The French-American Connection







When people back home find out about my career, they often ask me if the French hate us. I usually explain that you can never find 100% agreement on anything, anywhere, anytime. And there are always some grumpy individuals around who are either prejudiced or simply ill-tempered. But I would say that, as a rule, our citizens are pretty well-liked in France. At times we come across locals who seem to be delighted to meet us and share stories of experiences they or their family members have had in the U.S.

Besides that, there is certainly lots of evidence of French fascination with our culture. Their clothes, for example. At the marché, in cafés, or at tourist attractions you see people wearing sneakers, jeans, and t-shirts—the latter with English words of all kinds, including cities like Chicago, Miami, or Los Angeles in big, highly visible letters. On this trip in particular we’ve been struck by how many New York Yankees’ caps there are around. Every single day; many times a day. Some appear to be genuine Yankee memorabilia; others just kind of sad imitations. Our music, too, from a variety of genres is played in restaurants and featured in concerts. Just the other night we heard songs made famous by Ella Fitzgerald, Paul Simon, and Roy Orbison at a small performance on the lawn of the museum. American TV shows have their imitators here as well.
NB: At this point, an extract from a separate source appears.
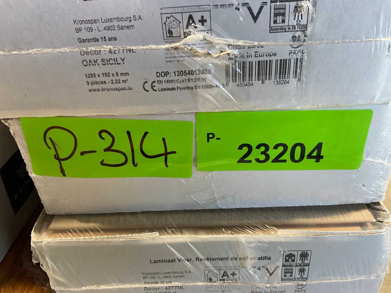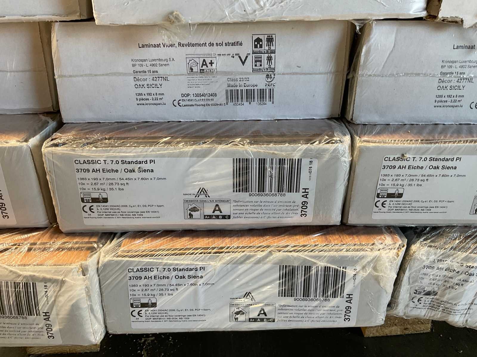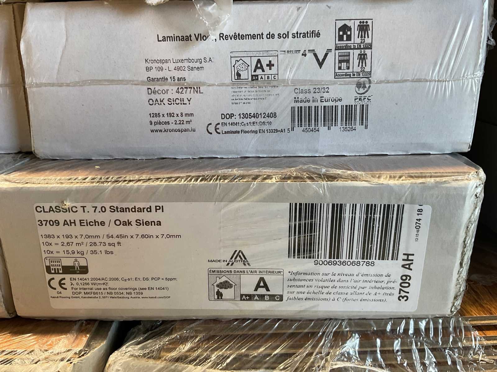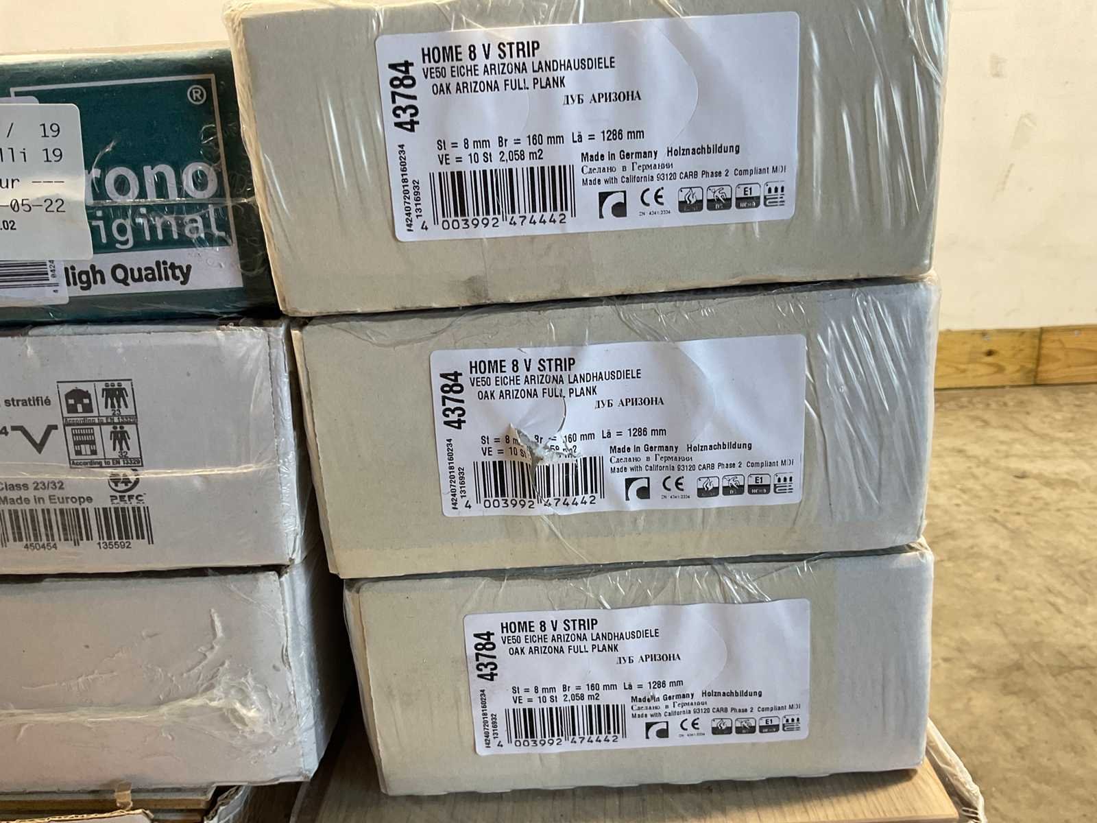 Mixpallet met diverse soorten laminaat – ongeveer 28 pakken, goed voor circa 62m². Bekijk de foto’s voor specificaties en details.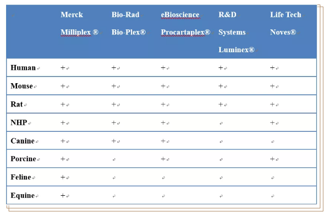 蛋白層面的多因子檢測(cè)服務(wù),我公司采用 Merck Millipore 公司的 Milliplex 高通量蛋白因子檢測(cè)技術(shù),并與默克建立了“Milliplex 蛋白多因子檢測(cè)服務(wù)合作實(shí)驗(yàn)室”。該技術(shù)又被稱為“高通量 Elisa”,具有很高的臨床應(yīng)用價(jià)值,能夠?qū)⒒A(chǔ)研究獲得的生物標(biāo)志物快速實(shí)現(xiàn)向臨床醫(yī)學(xué)的轉(zhuǎn)化。研究顯示,Milliplex 高通量蛋白檢測(cè)技術(shù)和傳統(tǒng)的 ELISA 方法在檢測(cè)結(jié)果中具有高度一致性,保證了該技術(shù)在臨床檢測(cè)中的準(zhǔn)確性和可靠性。

The Voice (subtitled “La Plus Belle Voix”) comes on Saturday nights and many contestants sing American tunes in the original.


The other thing that strikes us every time we come here is the number of English words and expressions that have been adopted into their language. Le plan B, pronounced in French, is used quite often as is un start-up and so we are quite used to hearing them. I forget the context, but the other night a presidential candidate, Benoît Hamon, talked about le burn-out--which, fittingly, is exactly how we feel about the current campaign for president of France! Some words are slightly changed from the American version but still mostly understandable: many superstores have le drive available for outside pickup; young people might enjoy the challenge of breaking the codes in an escape box; more athletic types can rent a stand up paddle for splashing around in the Mediterranean with an oar and a board. Although they’re not new, I still get a kick out of hearing our popular exclamations and seeing them spelled Waouh! and Oups!


So, there! Just put on your favorite team cap and t-shirt. Then, with these “new words” under your belt, you have hit le jackpot and will be conversing in French in no time. C'est very exciting!